◆ **Problem to work on**
A verbatim copy of the data is wanted, minus any picture in it.

◆ **Given material**

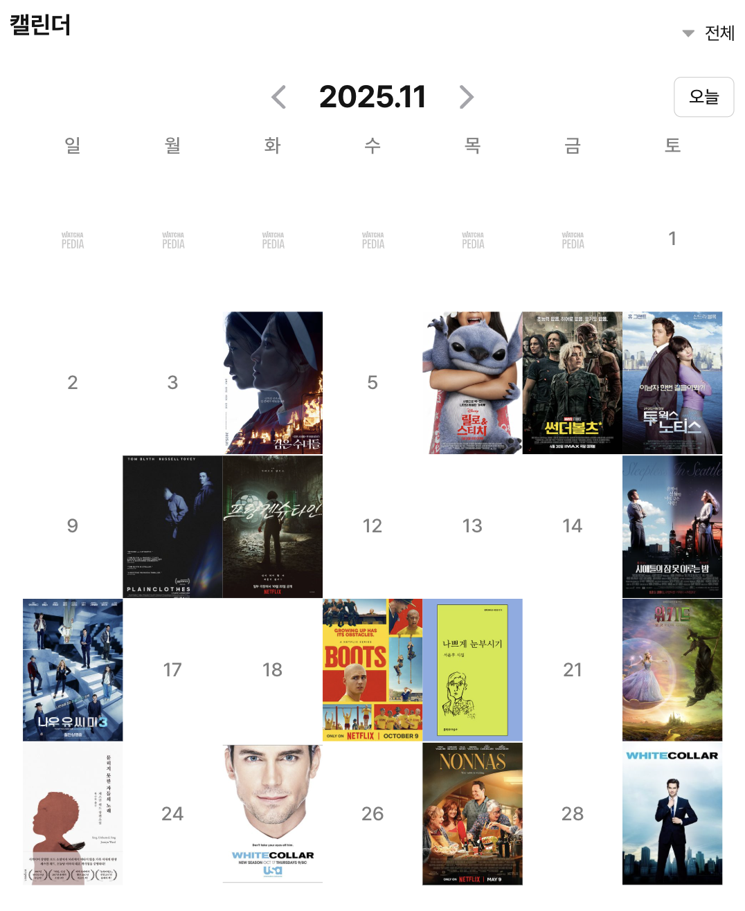 영화 : 검은 수녀들, 릴로 & 스티치, 썬더볼츠*, 투윅스노티스, 사복경찰, 프랑켄슈타인, 시애틀의 잠 못 이루는 밤, 나우 유씨미 3, 위키드, 논나
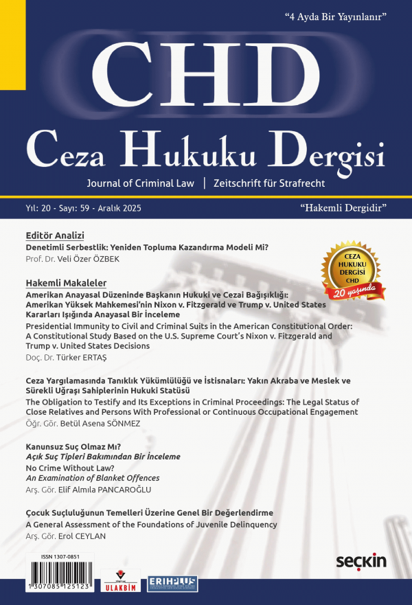 | Ceza Hukuku Dergisi 2025 Sayı-59 Denetimli Serbestlik : Yeniden Topluma Kazandırma Modeli mi? / | Ceza Hukuku Dergisi 2025 Sayı-59 Amerikan Anayasal Düzeninde Başkanın Hukuki ve Cezai Bağışıklığı: Amerikan Yüksek Mahkemesi’nin Nixon v. Fitzgerald ve Trump v. United States Kararları Işığında Anayasal Bir İnceleme / | Ceza Hukuku Dergisi 2025 Sayı-59 Ceza Yargılamasında Tanıklık Yükümlülüğü ve İstisnaları: Yakın Akraba ve Meslek ve Sürekli Uğraşı Sahiplerinin Hukuki Statüsü / | Ceza Hukuku Dergisi 2025 Sayı-59 Kanunsuz Suç Olmaz mı? / | Ceza Hukuku Dergisi 2025 Sayı-59 Çocuk Suçluluğunun Temelleri Üzerine Genel Bir Değerlendirme / | Ceza Hukuku Dergisi Ağustos 2024 Sayı-55 Dokuzuncu Yargı Paketinde Yer Alan Ceza Hukukuna İlişkin Hükümlerin Değerlendirilmesi / | Ceza Hukuku Dergisi Ağustos 2024 Sayı-55 Kişinin Kendisini ve Yakınlarını Suçlamaya Zorlanamaması (Nemo Tenetur Se Ipsum Accusare) İlkesi / |
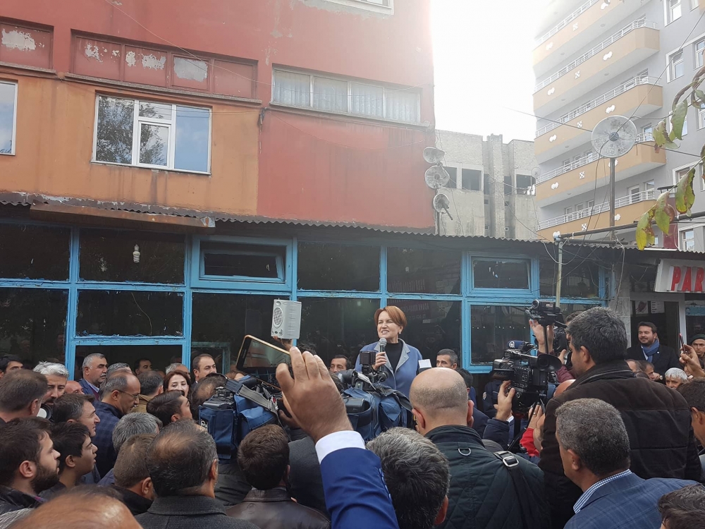 Hakkari’nin Şemdinli ilçesinde şehit olan 8 askerle ilgili de Akşener, “Bakın bugün 8 şehidimiz var. 8 ocağa ateş düştü. Cenab-ı Hak her birinin anasına babasına sabır versin. Milletimizin başı sağ olsun. Bütün bunların getirdiği sorun senin işsizliğin. Onun için bugün o kocaman problemleri çözmemiz mümkün değil. Ben bugün küçük küçük somut bir adımlar atıyorum. Yaptığım iş bugün sizin sesinizin duyulmasıdır. Ben bugün buraya fabrika kuramayacağım ama fabrika kurması gerekenlere burada olduğumu söylüyorum. Burada onların rakibi olduğumu söylüyorum. Ben burada yaşayacağımı söylüyorum. Ve diyorum ki hodri meydan. Hadi bakalım yüreği yeten gelsin Bitlis'e. Gelsin Muş'a ev alsın otursun. Ev kirası versin, elektrik su faturası ödesin. Kömür parası ödesin. Bunu yapmadan birbirimizi öğrenemeyiz. İyi parti size iyi gelecek” dedi.
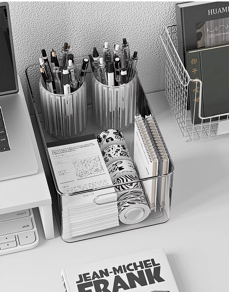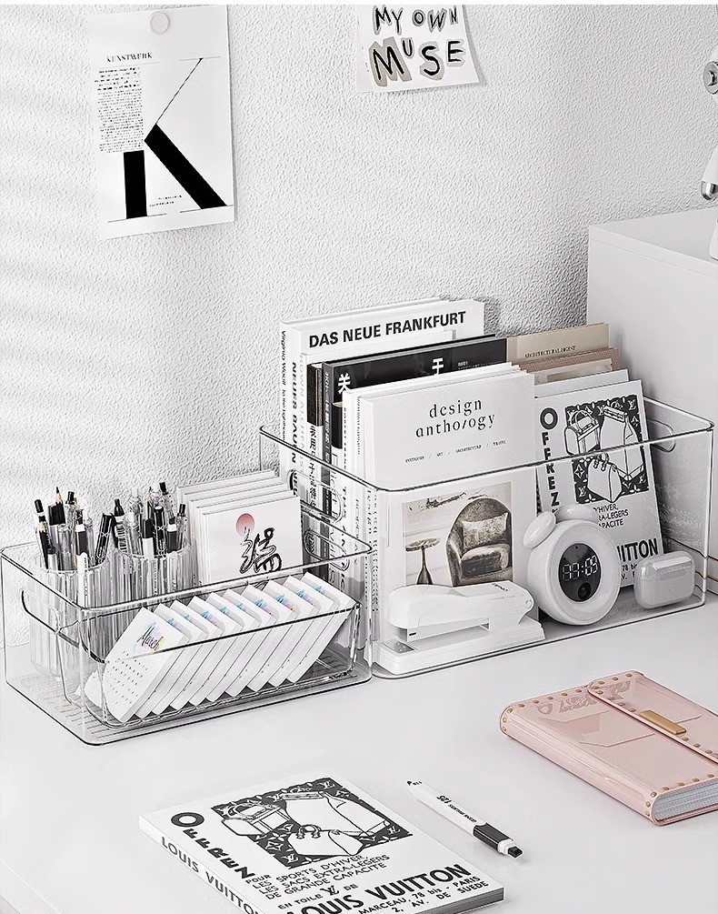 데스크 화장품 액세서리 편리한 플라스틱 방진 상자를 위한 뚜껑이 있는 아크릴 저장 상자 데스크탑 투명한 저장 선반스토어 가기

◆ **Solution for this problem**
 영화 : 검은 수녀들, 릴로 & 스티치, 썬더볼츠*, 투윅스노티스, 사복경찰, 프랑켄슈타인, 시애틀의 잠 못 이루는 밤, 나우 유씨미 3, 위키드, 논나
 | Ceza Hukuku Dergisi 2025 Sayı-59 Denetimli Serbestlik : Yeniden Topluma Kazandırma Modeli mi? / | Ceza Hukuku Dergisi 2025 Sayı-59 Amerikan Anayasal Düzeninde Başkanın Hukuki ve Cezai Bağışıklığı: Amerikan Yüksek Mahkemesi’nin Nixon v. Fitzgerald ve Trump v. United States Kararları Işığında Anayasal Bir İnceleme / | Ceza Hukuku Dergisi 2025 Sayı-59 Ceza Yargılamasında Tanıklık Yükümlülüğü ve İstisnaları: Yakın Akraba ve Meslek ve Sürekli Uğraşı Sahiplerinin Hukuki Statüsü / | Ceza Hukuku Dergisi 2025 Sayı-59 Kanunsuz Suç Olmaz mı? / | Ceza Hukuku Dergisi 2025 Sayı-59 Çocuk Suçluluğunun Temelleri Üzerine Genel Bir Değerlendirme / | Ceza Hukuku Dergisi Ağustos 2024 Sayı-55 Dokuzuncu Yargı Paketinde Yer Alan Ceza Hukukuna İlişkin Hükümlerin Değerlendirilmesi / | Ceza Hukuku Dergisi Ağustos 2024 Sayı-55 Kişinin Kendisini ve Yakınlarını Suçlamaya Zorlanamaması (Nemo Tenetur Se Ipsum Accusare) İlkesi / |
 Hakkari’nin Şemdinli ilçesinde şehit olan 8 askerle ilgili de Akşener, “Bakın bugün 8 şehidimiz var. 8 ocağa ateş düştü. Cenab-ı Hak her birinin anasına babasına sabır versin. Milletimizin başı sağ olsun. Bütün bunların getirdiği sorun senin işsizliğin. Onun için bugün o kocaman problemleri çözmemiz mümkün değil. Ben bugün küçük küçük somut bir adımlar atıyorum. Yaptığım iş bugün sizin sesinizin duyulmasıdır. Ben bugün buraya fabrika kuramayacağım ama fabrika kurması gerekenlere burada olduğumu söylüyorum. Burada onların rakibi olduğumu söylüyorum. Ben burada yaşayacağımı söylüyorum. Ve diyorum ki hodri meydan. Hadi bakalım yüreği yeten gelsin Bitlis'e. Gelsin Muş'a ev alsın otursun. Ev kirası versin, elektrik su faturası ödesin. Kömür parası ödesin. Bunu yapmadan birbirimizi öğrenemeyiz. İyi parti size iyi gelecek” dedi.
 데스크 화장품 액세서리 편리한 플라스틱 방진 상자를 위한 뚜껑이 있는 아크릴 저장 상자 데스크탑 투명한 저장 선반스토어 가기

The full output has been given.